Top of Information supplied

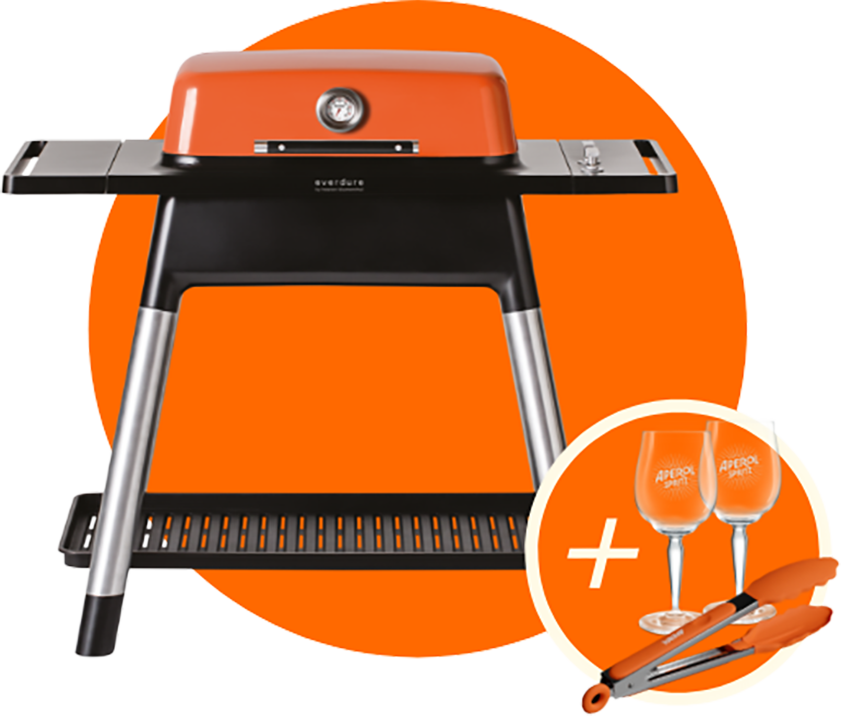 1 von 50 APEROL GRILLPAKETEN IM WERT VON 500 EURO. JE SET 1X ORIGINAL EVERDURE GASGRILL, 1X EXKLUSVE APEROL GRILLZANGE UND 1X ORIGINAL APEROL SPRITZ GLÄSERSETS
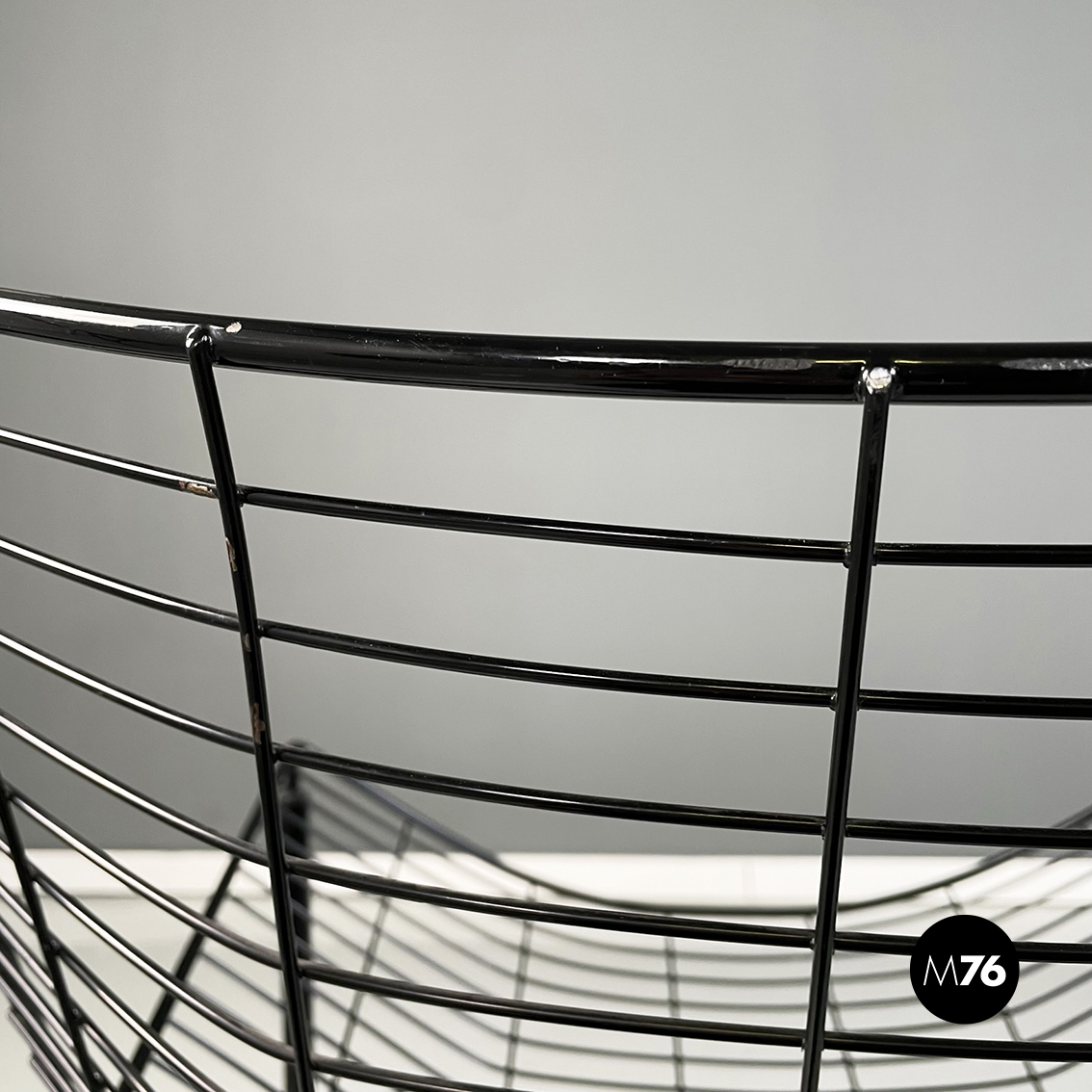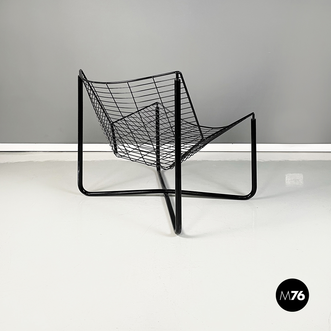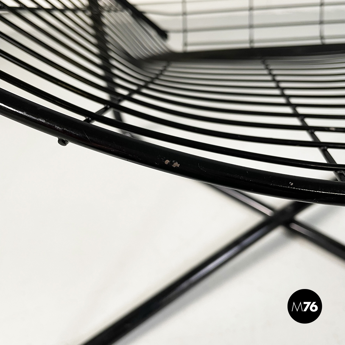 Poltrona in metallo verniciato nero. La struttura esterna è in tubolare nero mentre quella interna è composta da una serie di tondini sottili e curvati. Le quattro zampe a sezione tonda si incrociano sotto la seduta.
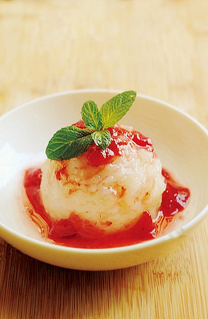 3.用叉子在上面轻轻的划出条纹,淋上草莓果酱加薄荷点缀即可。

Bottom of Information supplied

## Work task
Your response must reproduce the listing above word for word and must contain none of its pictures.

## Expected answer
 1 von 50 APEROL GRILLPAKETEN IM WERT VON 500 EURO. JE SET 1X ORIGINAL EVERDURE GASGRILL, 1X EXKLUSVE APEROL GRILLZANGE UND 1X ORIGINAL APEROL SPRITZ GLÄSERSETS
 Poltrona in metallo verniciato nero. La struttura esterna è in tubolare nero mentre quella interna è composta da una serie di tondini sottili e curvati. Le quattro zampe a sezione tonda si incrociano sotto la seduta.
 3.用叉子在上面轻轻的划出条纹,淋上草莓果酱加薄荷点缀即可。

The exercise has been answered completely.